Martes, 18 de mayo de 2010 Sin comentarios

Por Daniel RieraLa Espiga de Trigo había cambiado su legendario nombre por el más existencial Ya no somos los que éramos. Nadie dudaba de la audacia del gesto: algunos, sí, se atrevieron a dudar de su pertinencia. El nuevo nombre parecía destinado a espantar a la clientela cautiva, la que había hecho grande a la panadería, la que valoraba el respeto por ciertas marcas de estilo que, sumadas, determinaban una tradición.
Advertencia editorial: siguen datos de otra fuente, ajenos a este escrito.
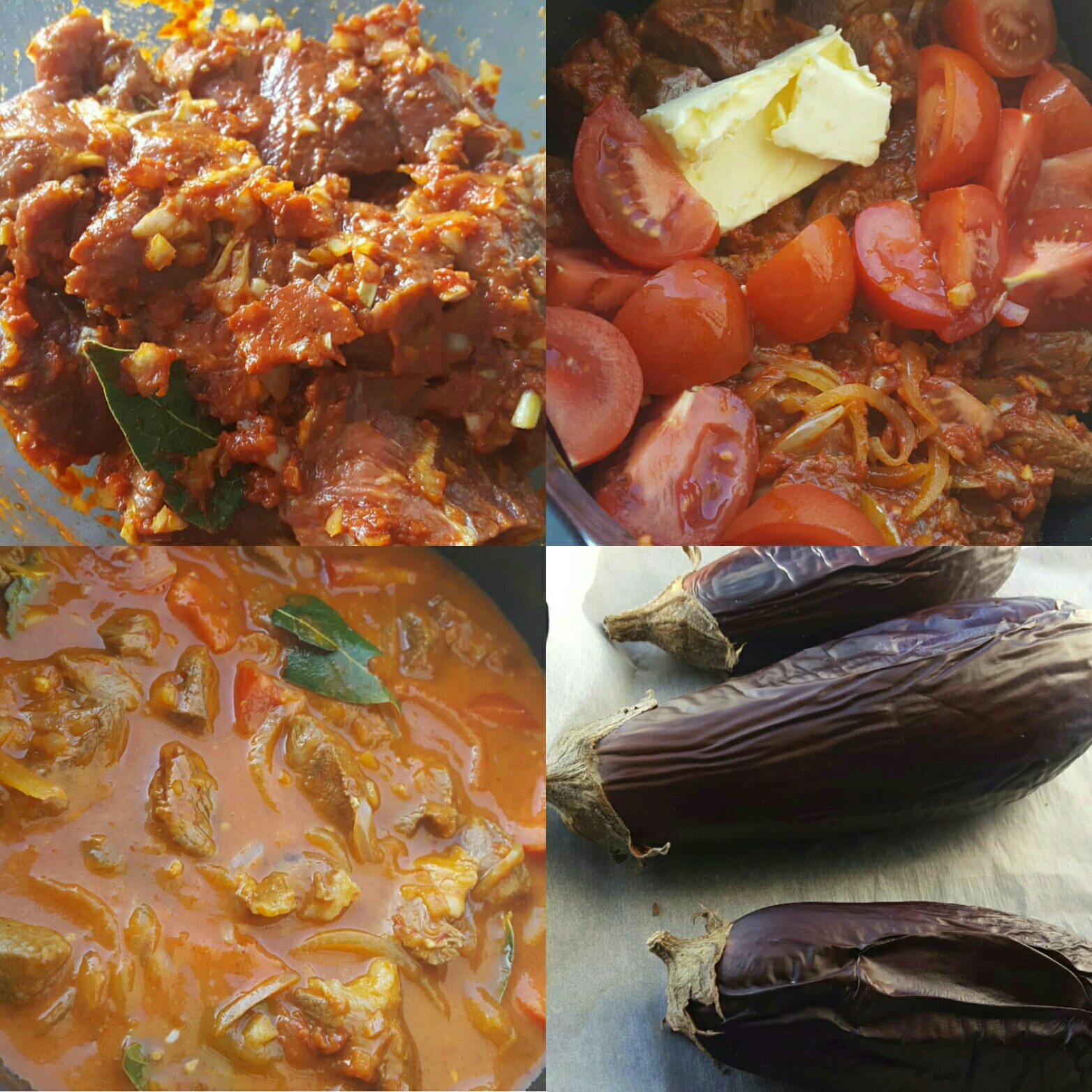 - Quand la viande à fini de mariner. Dans une cocotte faite revenir un oignon émincé dans de l’huile d’olive. Ajouter la viande avec sa marinade faire revenir rapidement puis ajouter 20gr de beurre et 3 tomates fraiche coupé en cartier. Saler,poivrer. Verser 2 verres d’eau. Laisser mijoter 1h.

“La ex Espiga de Trigo se convirtió en una panadería de vanguardia: las colchonetas en el suelo obligaban a los clientes a quitarse los zapatos al entrar. Una empleada solícita se encargaba de guardarlos en un viejo horno en desuso y de repartir números como si se tratara de un guardarropa. La empleada estaba vestida de riguroso y ceñido cuero negro, con una máscara de soldador que le cubría el rostro, y era el único ser humano que veían los clientes. El viejo mostrador había sido reemplazado por un paredón de cemento alisado con una puerta negra en el centro. Sobre el paredón habían colgado cuadros con fotos de los productos que ofrecía la panadería, nomenclados de acuerdo con un código alfánumerico. Las medialunas de grasa, por ejemplo,  eran F 1; las de manteca, F2; los cañoncitos de dulce de leche, F3; los de crema pastelera, F4, y así. Cada vez que alguien entraba en Ya no somos… activaba un sensor que activaba a su vez a la liana que trasladaba el micrófono que los clientes debían utilizar para hacer los pedidos. Desde el sótano, un operador “atendía”. Leer más…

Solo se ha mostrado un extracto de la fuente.